Eli Lilly also has a CDK4/6 inhibitor, Verzenio (abemaciclib), which is approved in the same metastatic patient population. The long-term overall survival data for Verzenio and letrozole versus placebo and letrozole in the Phase III MONARCH 3 study are not yet available, so it's unclear how Kisqali and Verzenio compare on this endpoint.
In a panel discussion at the ASCO meeting, oncologists suggested that the drugs that fall into the CDK4/6 inhibitor category are actually quite different in terms of their structures, and this should be considered when making treatment decisions.

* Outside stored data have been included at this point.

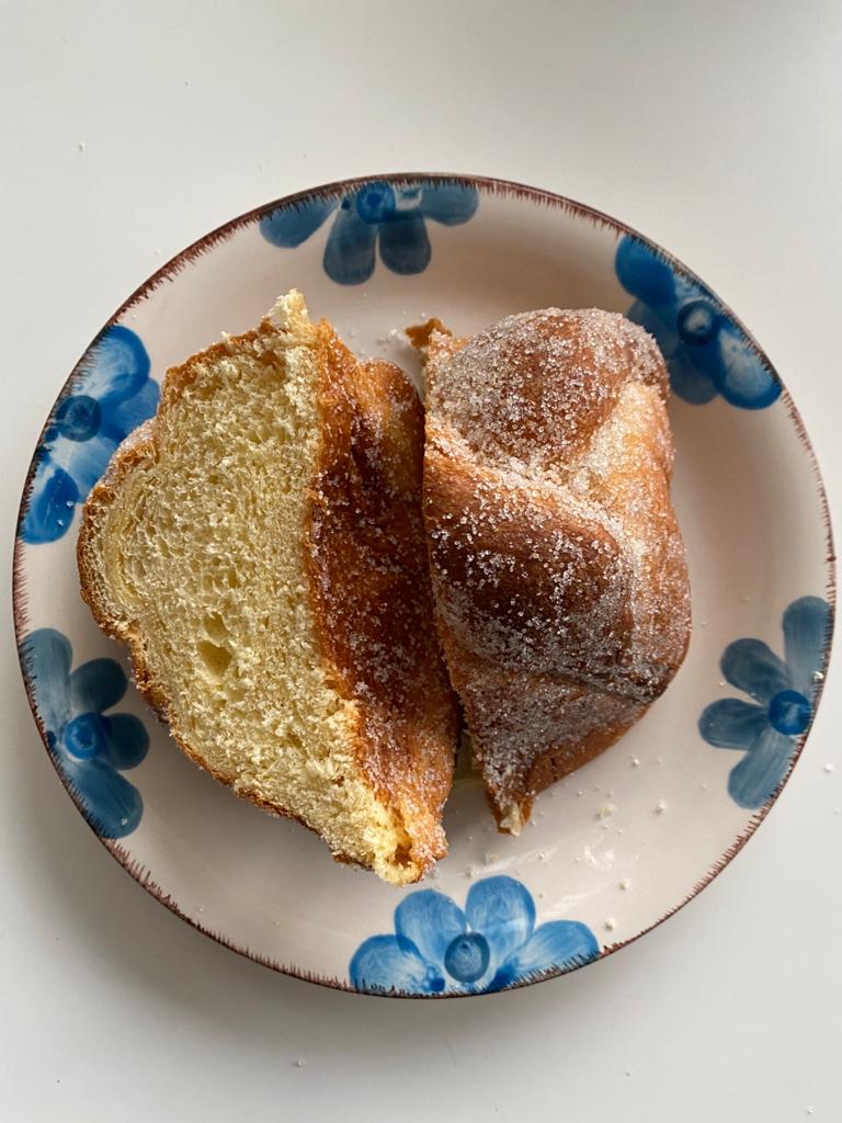 La Rifa es uno de mis lugares favoritos de la CDMX. Un pequeño expendio de chocolate mexicano en el que se pueden encontrar varias bebidas, postres y platillos en los que el cacao y el chocolate son los protagonistas. Por lo mismo, pensé que su pan de muerto tendría algo de chocolate o cacao; aún así, quería probar la propuesta de este lugar. ¿Y qué tal? Aunque no es un pan muy bonito (o no tiene una forma tradicional de pan de muerto), es un pan muy rico. Sus sabores están completamente bien balanceados y la miga es suave, lo que lo hace muy agradable al paladar. Quizá no será el mejor de este año, pero sí es una buena opción para comer un buen pan de muerto si te encuentras en la zona.
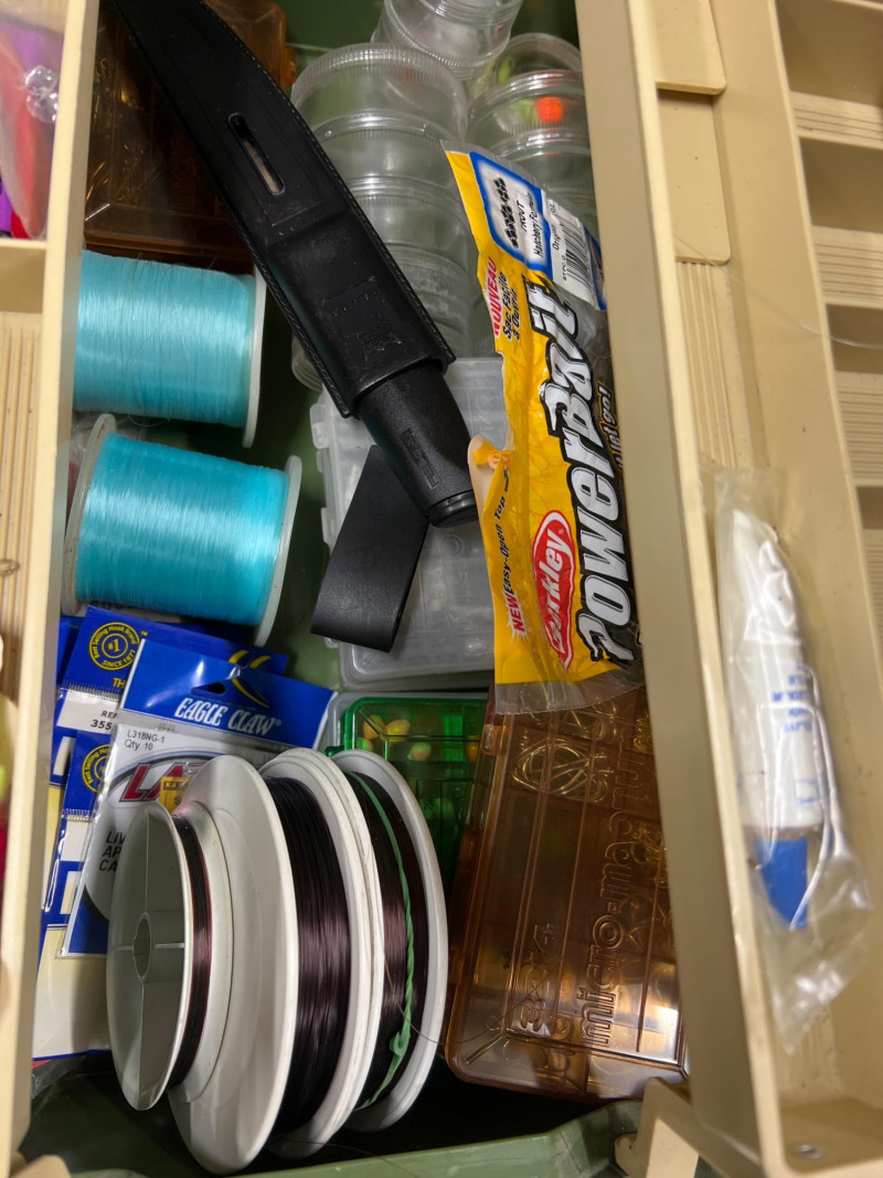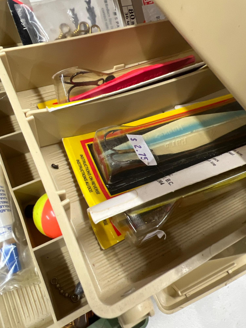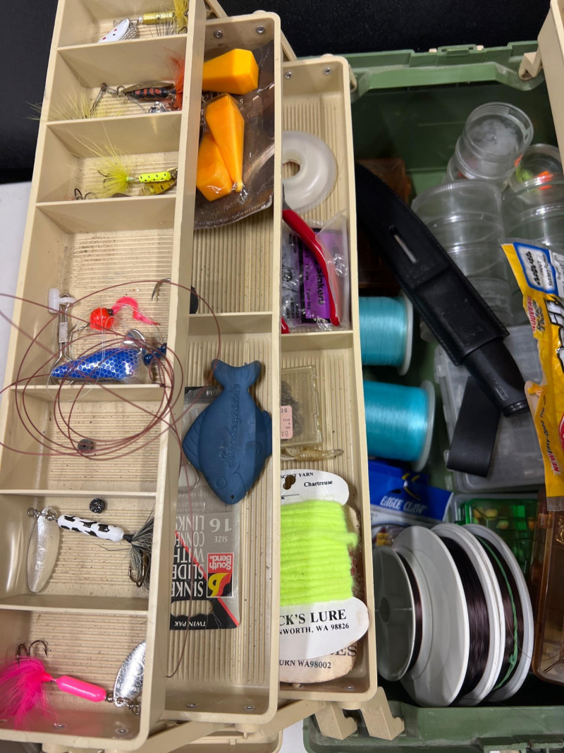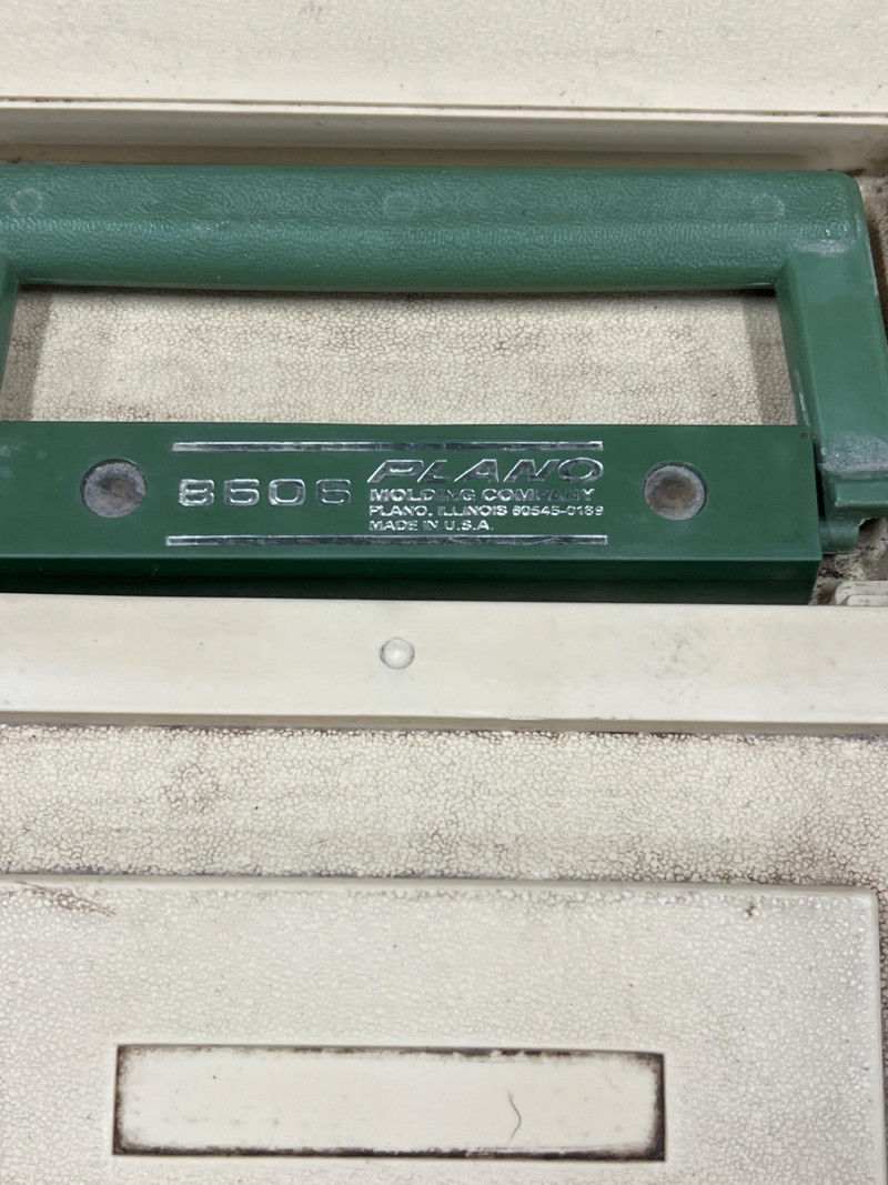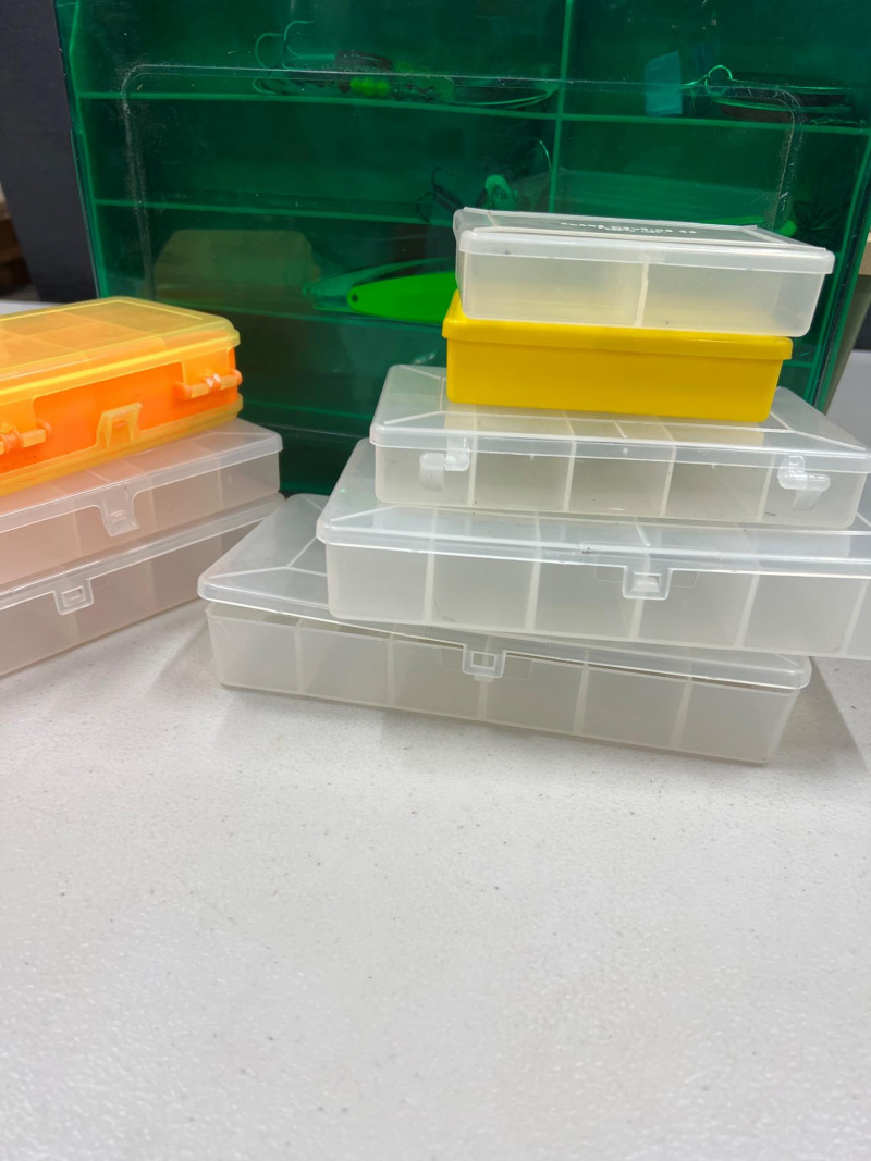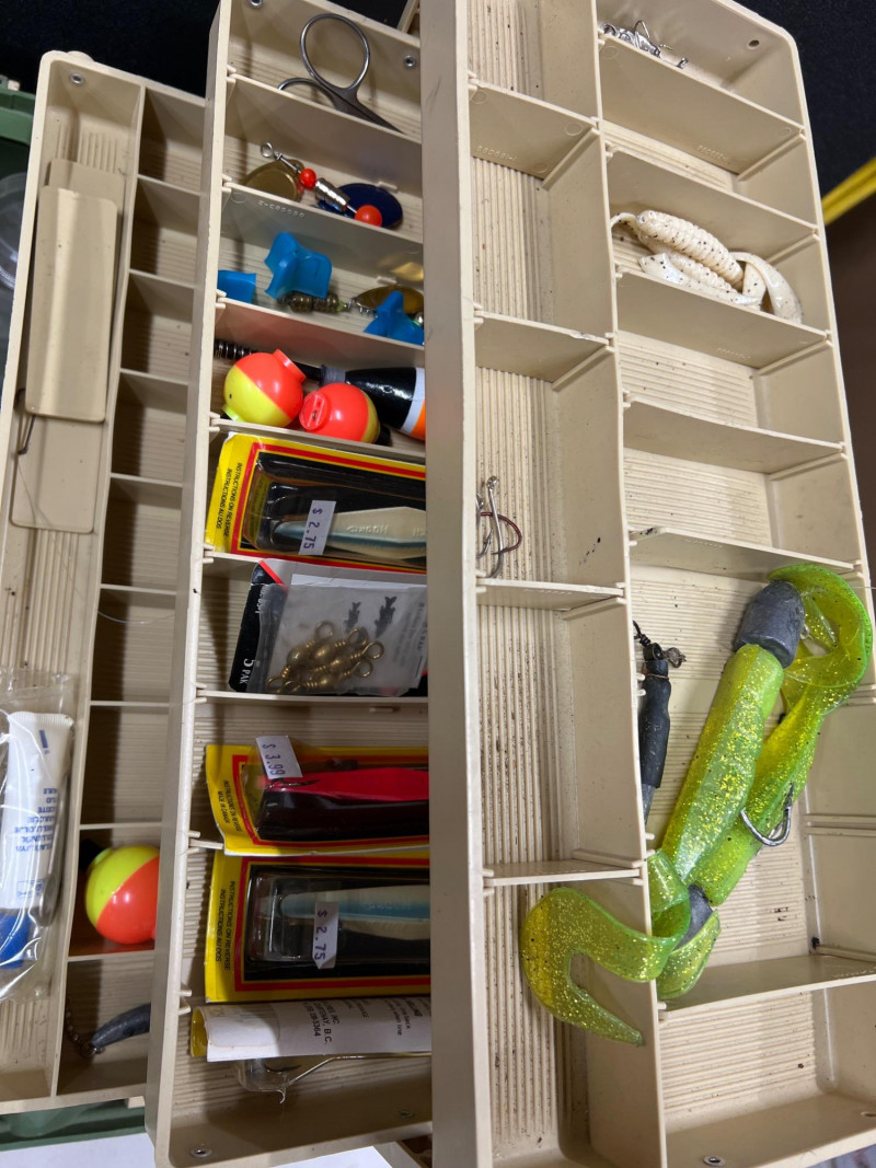 Complete Plano multi‑tray fishing tackle box paired with a double‑sided satchel (12" x 8" x 4"), both stocked with assorted gear. Plano Multi‑Tray Box: Durable hard‑shell design with tiered trays for organized storage of lures, hooks, and accessories. Double‑Sided Satchel: Compact, portable case with dual compartments for quick access to tackle. Contents: Stocked with a variety of fishing essentials (lures, hooks, weights, and more). Utility: Perfect for anglers seeking ready‑to‑fish organization and reliable storage solutions. Condition: Stocked and functional; sold as‑is.
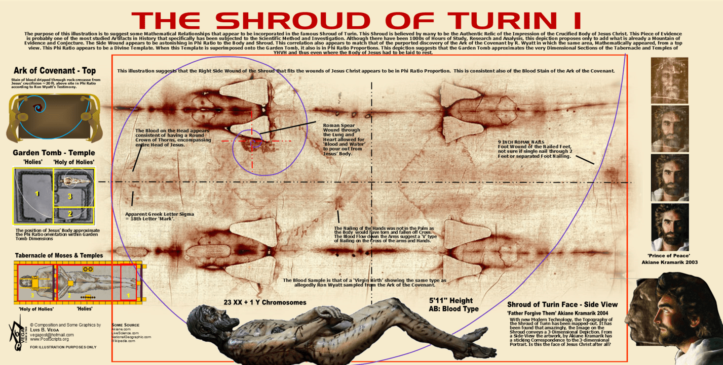 In that case, the Face of the Man, from a Side-View ‘exactly’ matches the Painting done by the Child-Prodigy, Akiane Kramarik’s, Prince of Peace. Now in one’s own Research into the Shroud, one’s only Contribution was/is that the Wound where the Spear pierced Jesus’ Side and went through several Organs and the Heart was amazingly in Phi Ratio to the whole Body of Jesus, from Head to Feet.This is the case if one takes the entire Cloth, divides it in half and then superimposes the Phi Ratio Spiral for a better Visual Effect. What the Phi Ratio suggests is that even where in the Body of Jesus, the Piercing of the Body of the Son of GOD, in the Flesh would occur as foretold by Zechariah; that the Messiah would be ‘Pierced’ through. The other Amazing Aspect is that the Garden Tomb, having 3 Sections is like a Facsimile of the Tabernacle and Temples of YHVH, Israel possessed. See Chart Link for a Visual in the End Notes. Even where Jesus’ Body was laid in the Garden Tomb was in Phi Ratio in reference to the total layout of the Tomb.
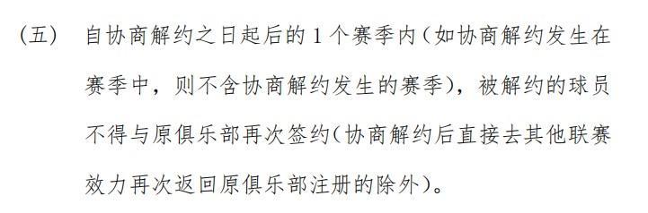 球队和球员协商解约后,双方一年内不得再次签约。
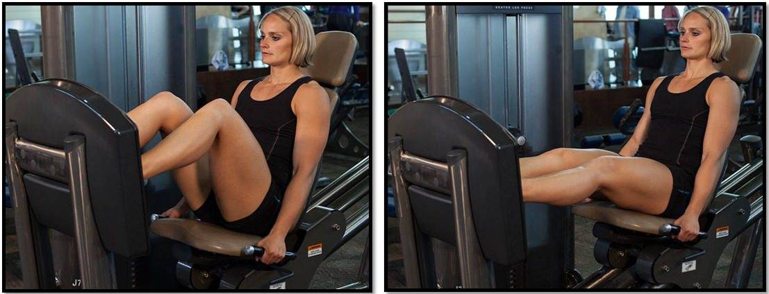 1. Сядьте в тренажер для жимов ногами и плотно прижмите ягодицы и поясницу к сиденью.
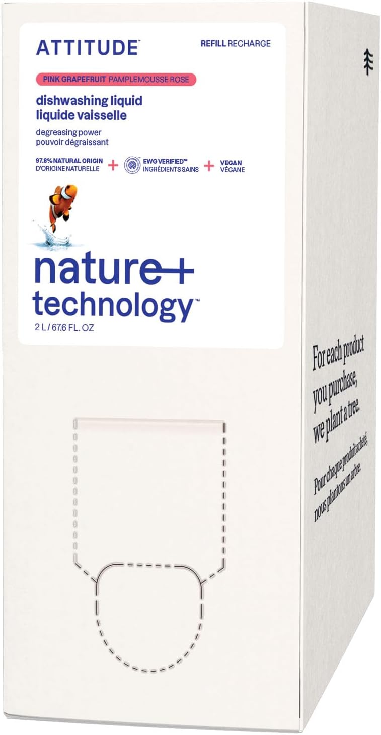 ATTITUDE Dish Soap Refill, EWG Verified, Plant-Based & Vegan Dishwashing Liquid, Naturally Derived, Pink Grapefruit, 67.6 Fl Oz
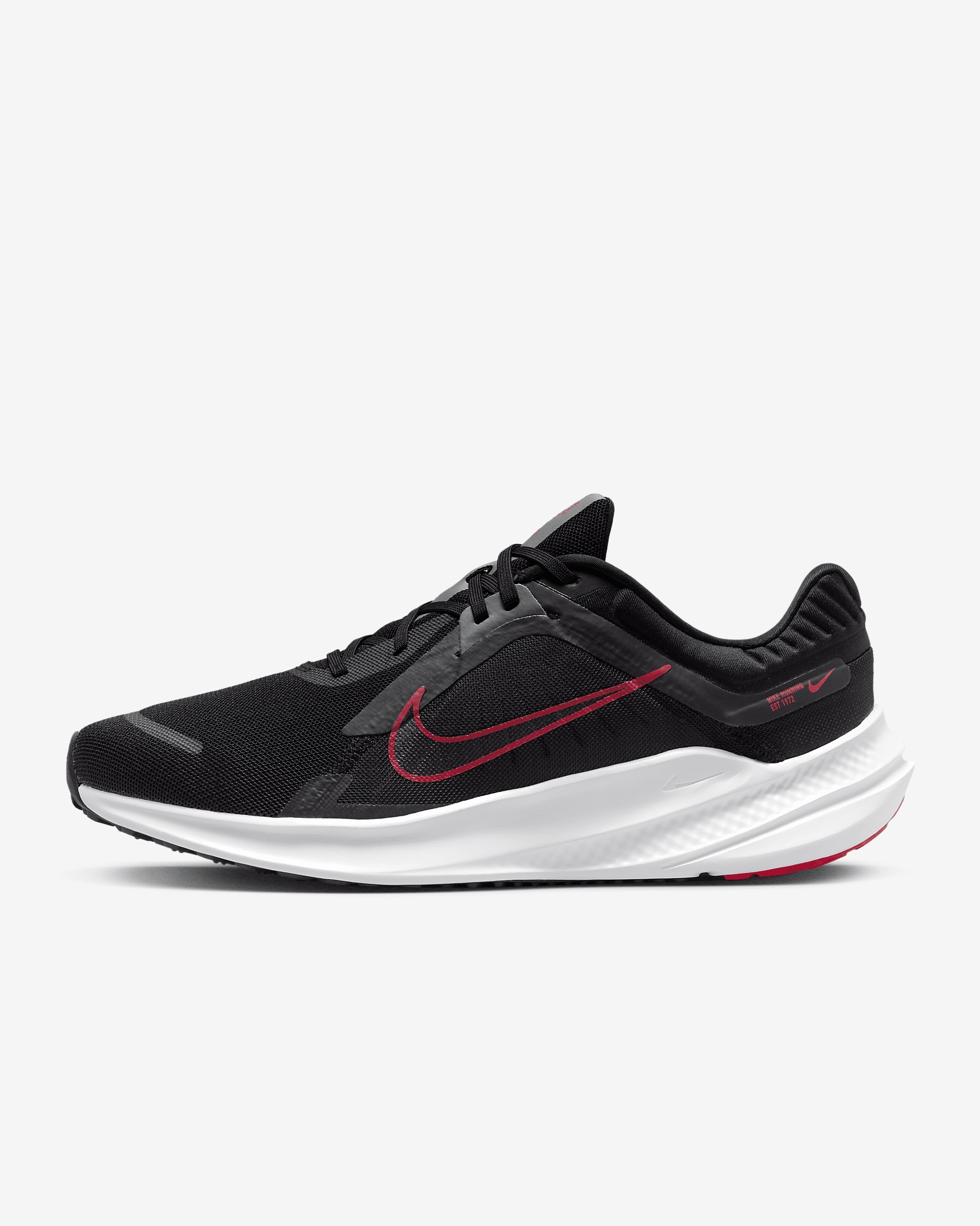 You lace up in pursuit of new personal goals. Let the Nike Quest 5 help you reach those aspirations. This neutral trainer gives you a smooth, comfortable ride with plenty of traction. We focused on our foam, adding more cushioning for a better transition from heel to toe. More Benefits - Supersoft padding and cushioning at the collar help keep your ankle comfortable. - Skins at the toes and eyelets offer durability. Product Details - Shown: Black/Smoke Grey/University Red - Style: DD0204-004
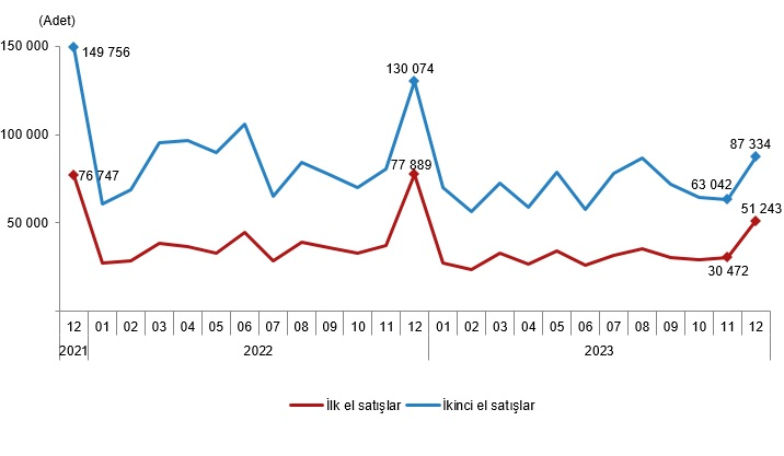 Türkiye genelinde ikinci el konut satışları 2023 Aralık ayında bir önceki yılın aynı ayına göre yüzde 32,9 azalarak, 87 bin 334 oldu. Böylece toplam konut satışları içinde ikinci el konut satışının payı yüzde 63 oldu.

Anticipation builds for adjuvant data
As Kisqali sales grow, driven by the landscape for first-line metastatic breast cancer, the jury is still out in terms of whether the drug will perform as well as an adjuvant treatment for early-stage hormone receptor-positive, HER2-negative breast cancer. The Phase III NATALEE study, which Narasimhan said is now fully enrolled, is designed to answer this question, pitting Kisqali plus endocrine therapy against endocrine therapy alone in the adjuvant treatment setting for stage II or III breast cancer. As of now, Lilly's Verzenio has a leg up. That CDK4/6 inhibiting drug is FDA approved with endocrine therapy for hormone receptor-positive, HER2-negative, node-positive early breast cancer patients who have a high risk of disease recurrence and a Ki-67 score of at least 20 percent as determined by an FDA-approved test. Pfizer's Ibrance, of note, did not benefit patients in the adjuvant setting in the Phase III PALLAS trial, which was discontinued accordingly.
Looking ahead, Narasimhan said that Novartis will report the primary analysis from the NATALEE trial once there are 500 invasive disease-free survival events, data he expects will be available by the end of 2023. In the meantime, he said that there will be two interim analyses conducted at 350 and 425 invasive disease-free survival events. The trial has yet to reach either of those cutoffs, but Narasimhan said he expects those readouts "in the coming quarters" and will share relevant updates as they're available.